# SUPPLIED DATA:
•••••
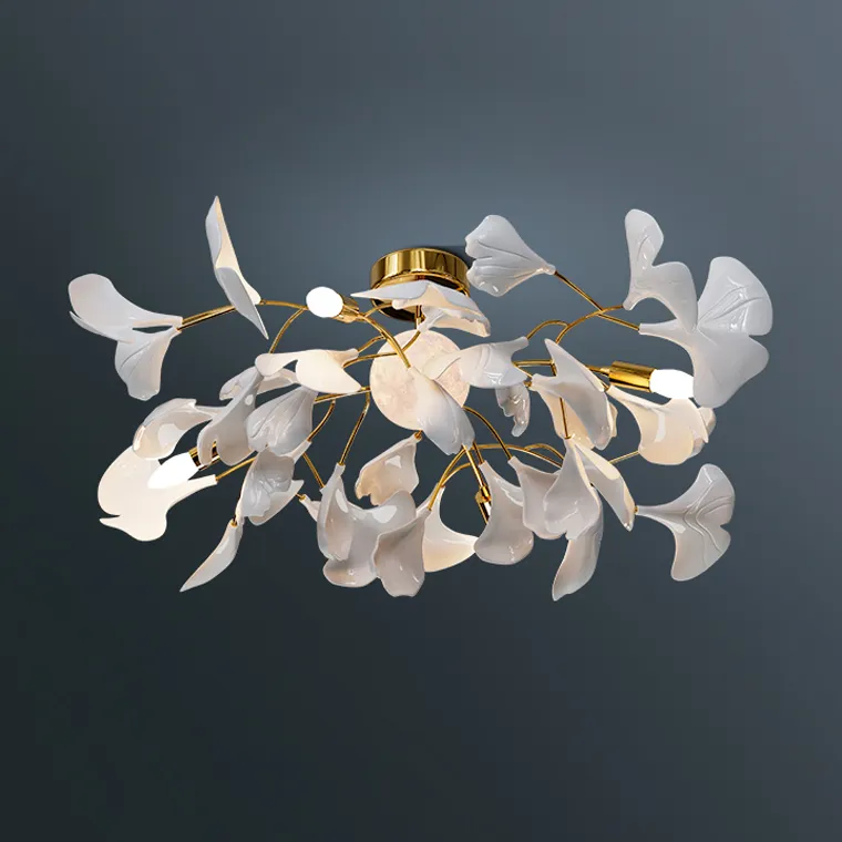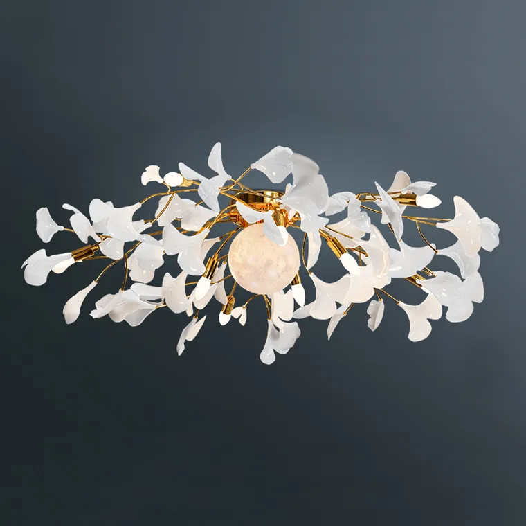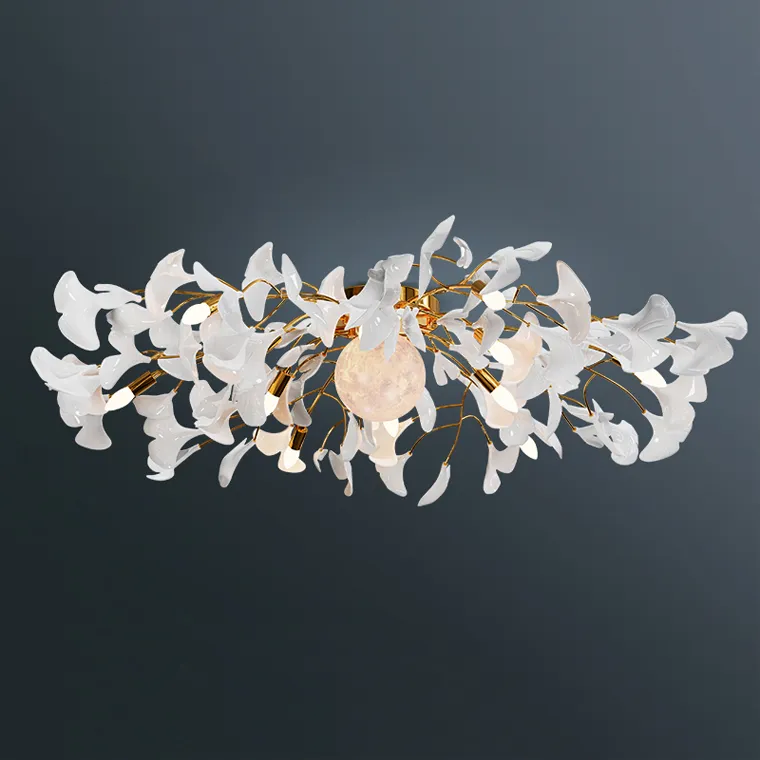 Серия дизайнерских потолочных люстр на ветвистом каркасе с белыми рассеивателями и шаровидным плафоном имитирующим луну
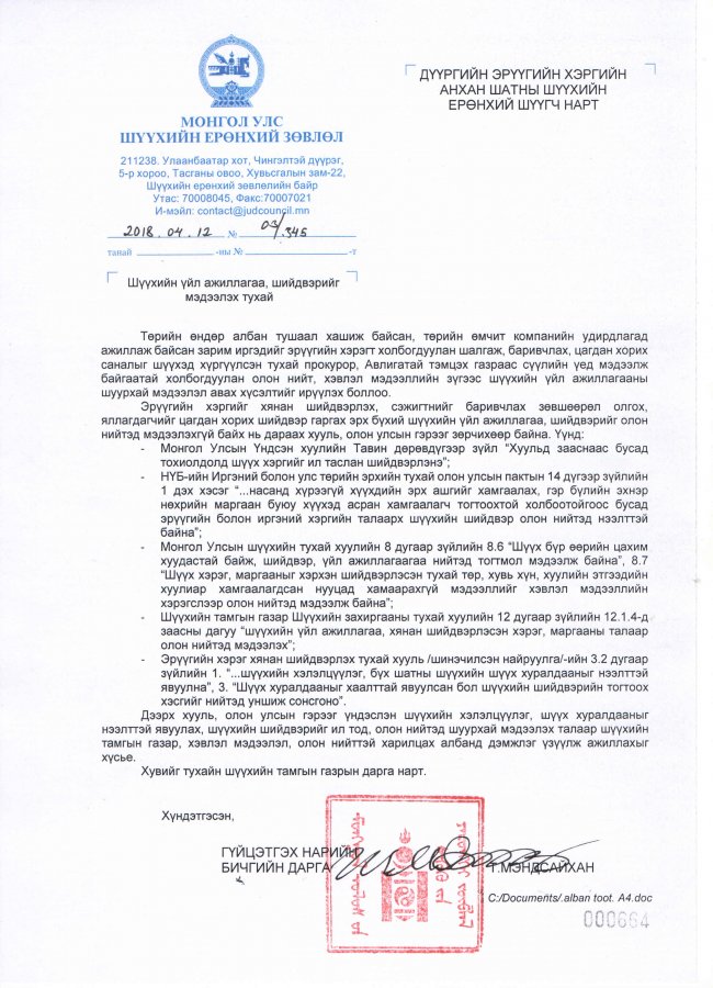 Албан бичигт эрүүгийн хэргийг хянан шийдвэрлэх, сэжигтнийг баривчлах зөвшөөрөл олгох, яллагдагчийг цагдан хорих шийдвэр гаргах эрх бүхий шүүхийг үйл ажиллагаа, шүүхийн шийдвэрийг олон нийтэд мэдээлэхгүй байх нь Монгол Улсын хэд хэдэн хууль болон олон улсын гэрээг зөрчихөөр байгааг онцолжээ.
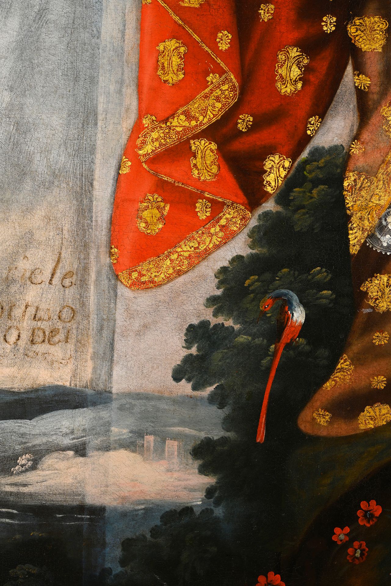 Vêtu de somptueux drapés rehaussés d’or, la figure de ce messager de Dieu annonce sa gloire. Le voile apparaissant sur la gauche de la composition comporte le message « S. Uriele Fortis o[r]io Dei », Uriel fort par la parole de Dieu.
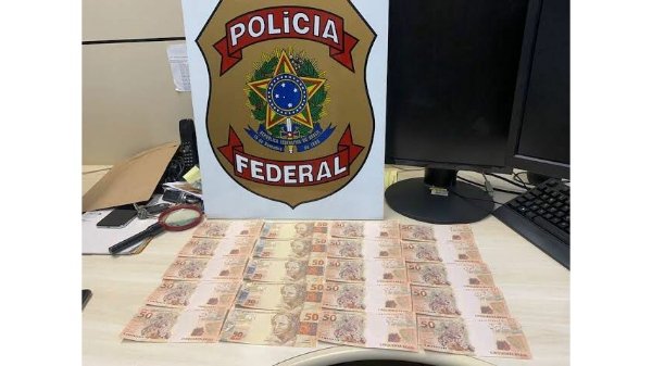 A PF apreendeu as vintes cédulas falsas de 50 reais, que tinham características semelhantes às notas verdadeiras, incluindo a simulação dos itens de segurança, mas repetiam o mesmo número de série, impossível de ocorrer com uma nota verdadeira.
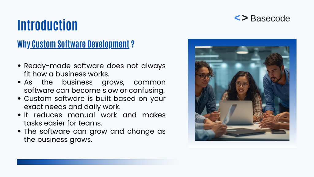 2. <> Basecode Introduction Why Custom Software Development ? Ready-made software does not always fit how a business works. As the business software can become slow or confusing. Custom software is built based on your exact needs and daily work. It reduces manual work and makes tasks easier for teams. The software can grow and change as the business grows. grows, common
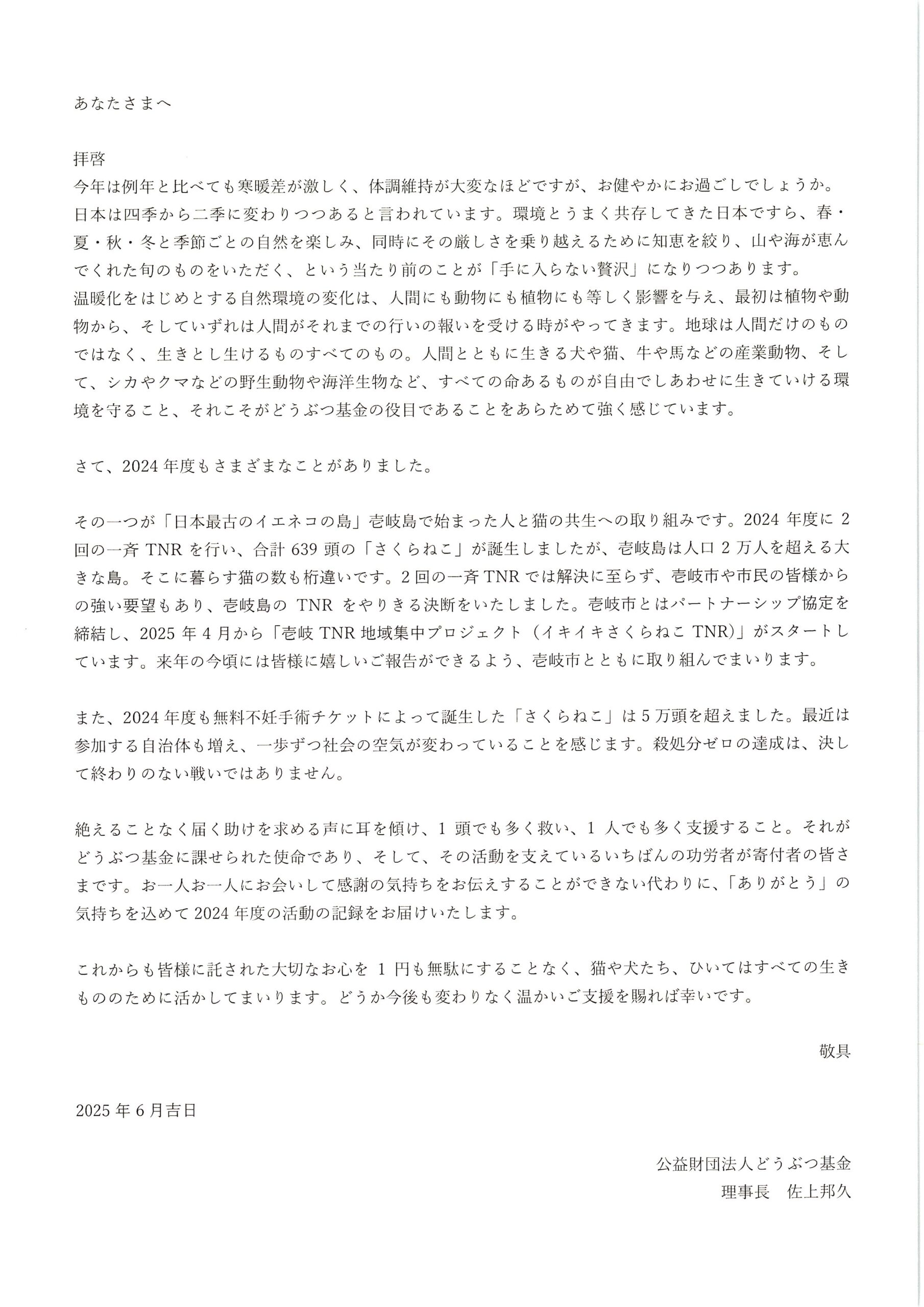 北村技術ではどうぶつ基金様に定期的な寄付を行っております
•••••
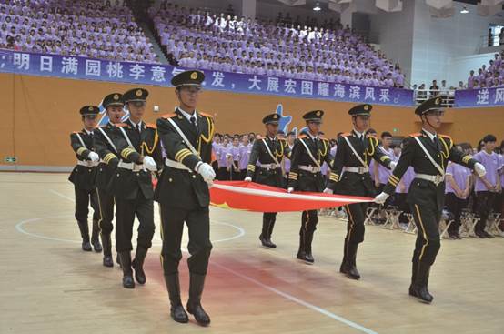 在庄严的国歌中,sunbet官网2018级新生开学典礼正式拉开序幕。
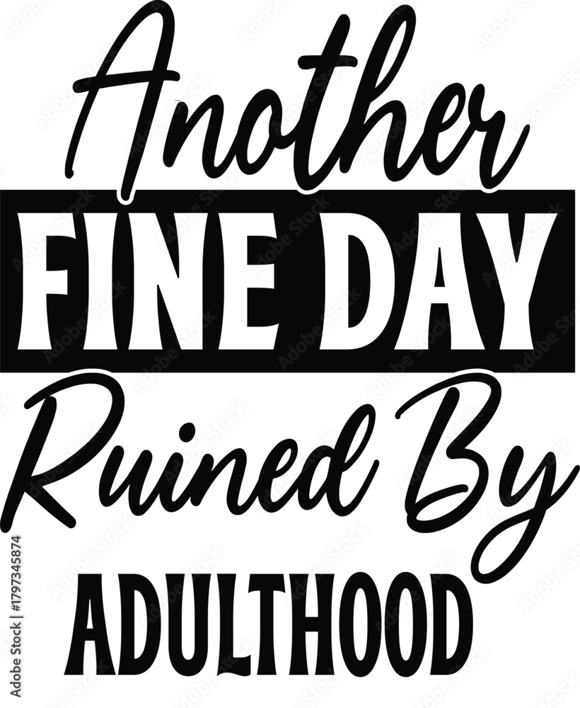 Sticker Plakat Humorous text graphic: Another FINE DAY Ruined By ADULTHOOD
•••••
# TASK STATEMENT:
Although the records above contain pictures, the copy should not; retype exactly the lines from the one containing "2. <> Basecode" through the one containing "北村技術ではどうぶつ基金様に定期的な寄付を行っております".

# EXERCISE ANSWER:
 2. <> Basecode Introduction Why Custom Software Development ? Ready-made software does not always fit how a business works. As the business software can become slow or confusing. Custom software is built based on your exact needs and daily work. It reduces manual work and makes tasks easier for teams. The software can grow and change as the business grows. grows, common
 北村技術ではどうぶつ基金様に定期的な寄付を行っております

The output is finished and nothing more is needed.